Lucifer: 3.15 High School Poppycock

Lucifer is back after a two week break and this week's case flings Lucifer and Chloe into the life of high school drama when a popular young adult fiction writer, named Kathleen Pike, is murdered by her own vintage type writer. Pike's novels are about a class of high school students who graduate in 3001, and she had just fought through her writer's block and finished the final instalment before she was murdered.

The case links to the trouble of the main cast in two ways. the first is that Lucifer is himself experiencing somewhat of a 'writer's block' when it comes to figuring out how to kill Pierce (who is noticeably absent from this episode). He latches onto the case after hearing that the one and only manuscript has been stolen, and that Pike explains how she got over her writer's block in the afterword. Lucifer's lack of empathy for humans and lack of caring for solving cases for the sake of the victim/justice is getting a little tired. While it would be equally unbelievable for him to suddenly be the nicest person on the planet it often feels as if he has progressed very little. Sure on occasion he does some token nice gesture to one of his friends, usually Chloe, but most of the time he is almost exactly the same as he was at the beginning of the series, just as uninterested in the well being of humanity unless it is amusing and/or beneficial to him.

The second way in which the case links to the main cast is through Chloe. As a child actor she didn't get the 'High School Experience' because she was on set and therefore mostly had tutors. At the beginning of the episode Ella tries to convince Chloe to come on a girls night out, but Chloe rebuffs her saying she has too much work to do. But as she reads Pike's series throughout the episode she gets sucked into the teenage drama of it all.

When it is discovered that the books are based on the lives of  people for Pike's fellow high school classmates from the class of 2001, Lucifer and Chloe resolve to go to the class' school reunion which is, conveniently, happening the next evening. At the reunion they split up to talk to the real life counterparts of the main cast of Pike's novels.
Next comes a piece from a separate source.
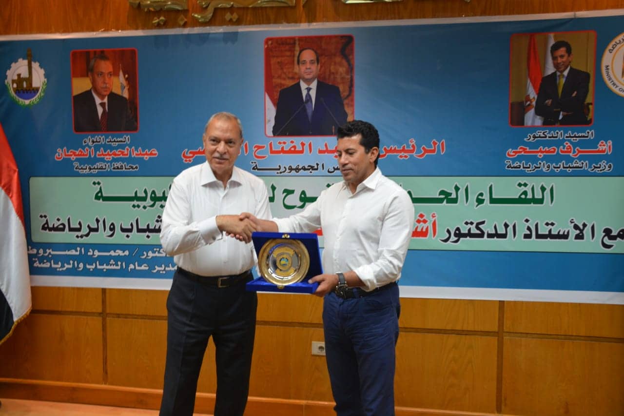 من جانبه، رحب محافظ القليوبية بزيارة وزير الشباب والرياضة لمحافظة القليوبية، فى تلك الفترة التي يشهد فيها قطاع الشباب والرياضة اهتماماً ملحوظاً من القيادة السياسية حيث توجه الدولة كافة أوجه الدعم والرعاية للشباب على المستوى الرياضي والثقافي والتوعوي في إطار استراتيجية الدولة لبناء الإنسان المصري.

At this point there is a flip of the usual dynamic of Lucifer dossing off and Chloe doing all the work as Chloe is bashfully enamoured by one of the people she is meant to be getting answers from. Whereas Lucifer is much more aggressive in his interrogation style, at least with the men, the women get his usual flirtatious treatment. This got my eyes rolling out of my head as it reminded me of the ridiculous amounts of queer baiting in this show.

It is eventually established that none of her old class mates have anything to do with Pike's death, and that they are all still wrapped up in their teen drama. leading Lucifer and Chloe to go after the loner who Lucifer was impersonating at the reunion. Turns out, not him either. So, after three false starts, they finally catch the killer, Pike's editor. His motivation, Pike's final book ended with everyone learning to accept each other and getting along, which he claimed would not go down well with fans as it was too boring.

He then also reveals that he burnt the manuscript, this leads to Lucifer loosing his cool, meaning that Chloe has to intervene for the suspects safety. But, of course, all is forgiven later when Lucifer throws Chloe a 'prom' after picking up on something she said earlier in the episode.

As someone who was very recently a young adult reader. this episode was a little uncomfortable to watch  While I can appreciate that teen drama can seem ridiculous with hindsight, it is also cruel to mock it. I am not entirely sure it that is was this episode's aim was, but the way Chloe acted during her infatuation with the teenage life portrayed in the books was hardly flattering. Many people are still big fans of various media well into adulthood, and even though that media may not be generally considered 'adult' or 'good' that doesn't mean that being a fan of it is bad or something that should be ridiculed.

Then there is the fact that it is Lucifer, and not Ella, who benefits from Chloe's brief moment of nostalgia. Even though it is Ella who is always shown to be making an effort for people to be happy and get along, it is Lucifer, who maybe on occasion notices other people's feelings who invariably gets the benefits. It is really getting to the point that I would much prefer the show if Lucifer wasn't the main character; almost everyone else's stories are much more interesting.